Дело в том, что солдаты, дезертировавшие из республиканской армии, могли рассчитывать на снисхождение, если вовремя срывали с себя фригийский колпак. Их представляли журналистам как людей, ставших жертвами невыносимого режима, особенно если дезертиры были французами. Заставляли рассказывать о своем разочаровании и о страданиях, перенесенных под игом самой худшей из тираний, а затем помогали возвратиться к родному очагу, – с тем чтобы эти раскаявшиеся в своих заблуждениях люди могли поведать окружающим о злоключениях, которые они претерпели, пытаясь воплотить в жизнь неосуществимые утопии. Эстебан возмутился тем, что его могли заподозрить в измене:
– Если ты считаешь, что я способен на подобный поступок, зачем посылать меня на борт одного из твоих кораблей?
Виктор вплотную приблизил свое лицо к лицу юноши, так что со стороны это походило на сцену ссоры двух марионеток.

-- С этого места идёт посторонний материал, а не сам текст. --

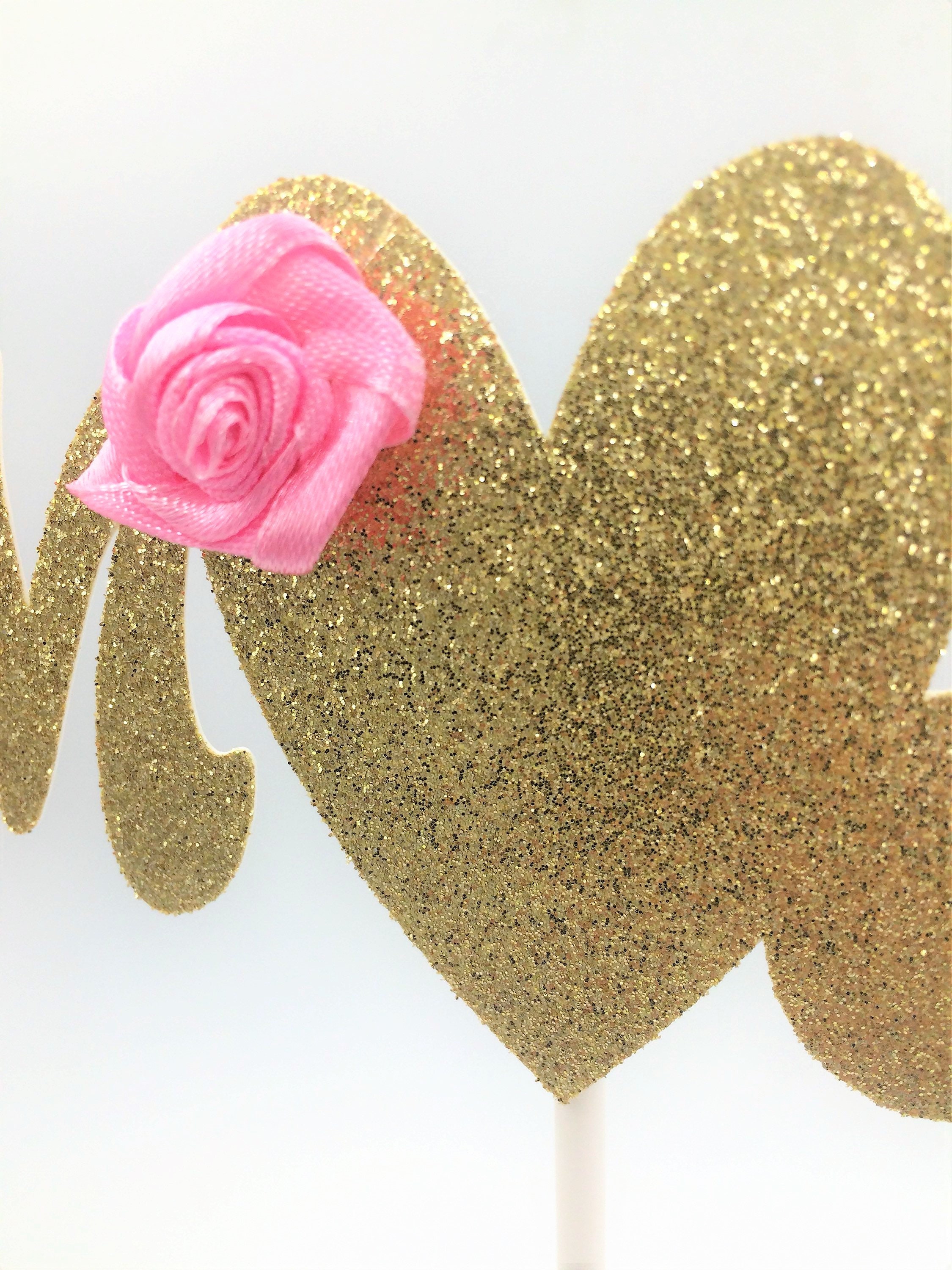 Gold Glitter Mom Cake Topper embellished with pink satin rose.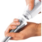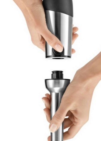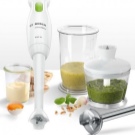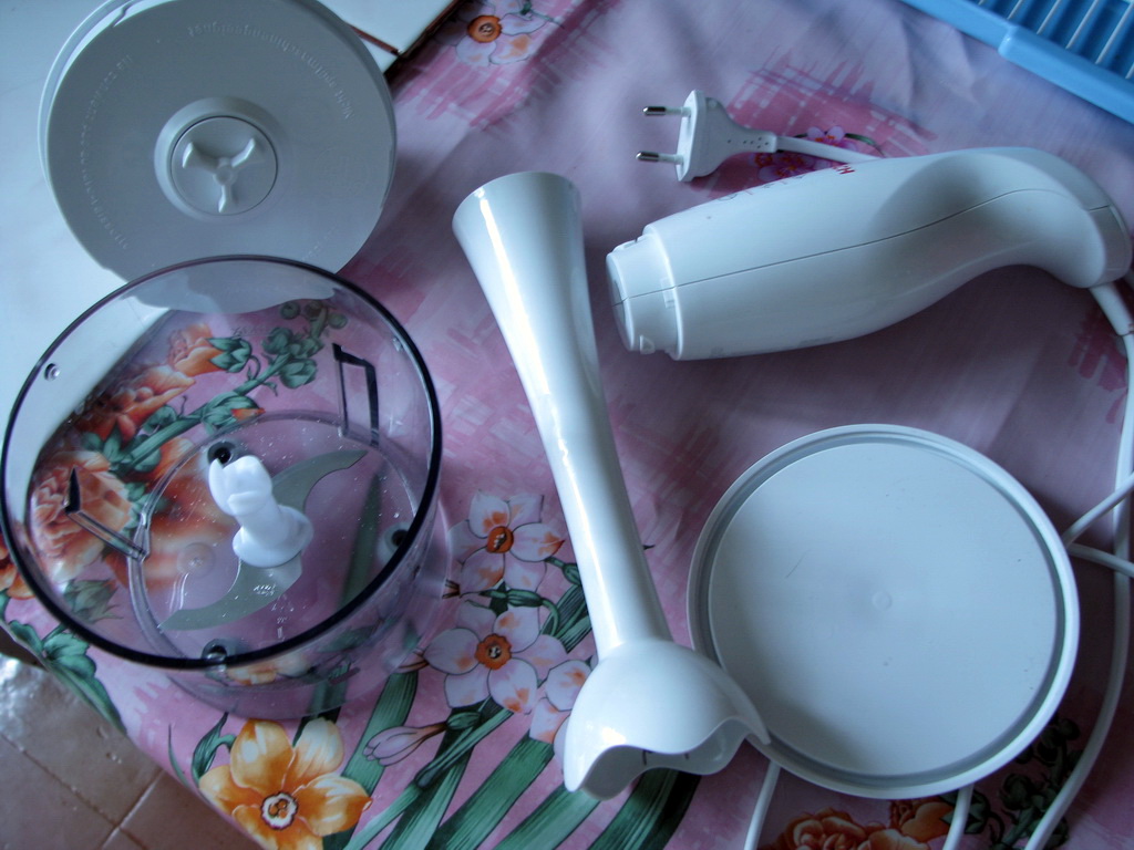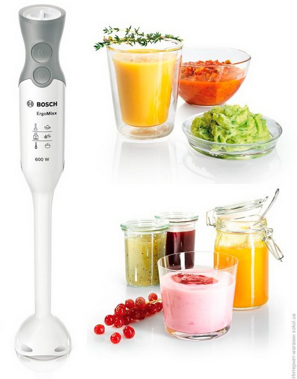 Das geringe Gewicht und die spezielle Form des Griffs erleichtern das Kochen, und der Tauchkörper ist so konstruiert, dass er während des Gebrauchs nicht verspritzen kann. Und vor allem, dass alle Teile des Mixers in der Spülmaschine gewaschen werden können. Aber hier ist das Gehäuse aus Kunststoff und das Modell entwickelt nicht zu hohe Geschwindigkeit.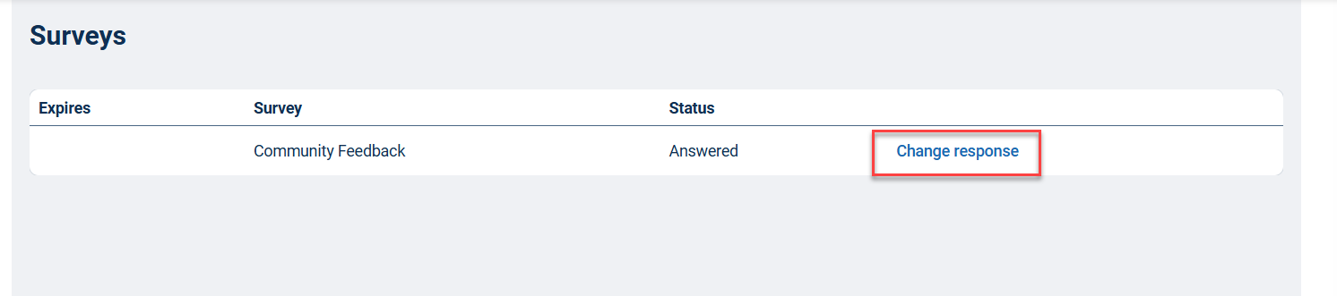 On the Surveys page, you will see all the active surveys you have already completed and any surveys still waiting for a response. Click the Change Response link on the right of the survey row and follow the same steps for submitting responses as above.

– Ведь ты превосходный письмоводитель, а нам нужны такие на каждой эскадре, чтобы составлять акты о захвате трофеев и безотлагательно вносить в опись все товары, пока какой-нибудь плут не успел еще запустить руку в казну Республики – Взяв перо и линейку, комиссар расчертил большой лист бумаги на шесть колонок. – Подойди ближе и не делай, пожалуйста, такого дурацкого лица, – продолжал он. – Вот как тебе надлежит вести «Книгу трофеев». Первая графа: «Перечень захваченных товаров». Вторая графа: «Стоимость товаров, проданных с торгов» (если таковые будут происходить). Третья графа: «Пять процентов в пользу больных и раненых, находящихся на кораблях». Четвертая графа: «Пятнадцать сотых процента в пользу казначея вышеозначенных инвалидов». Пятая графа: «Доля капитанов корсарских кораблей». Шестая графа: «Законные издержки, связанные с отправкой товаров» (если по каким-либо причинам их придется отсылать с другой эскадрой). Все понятно?…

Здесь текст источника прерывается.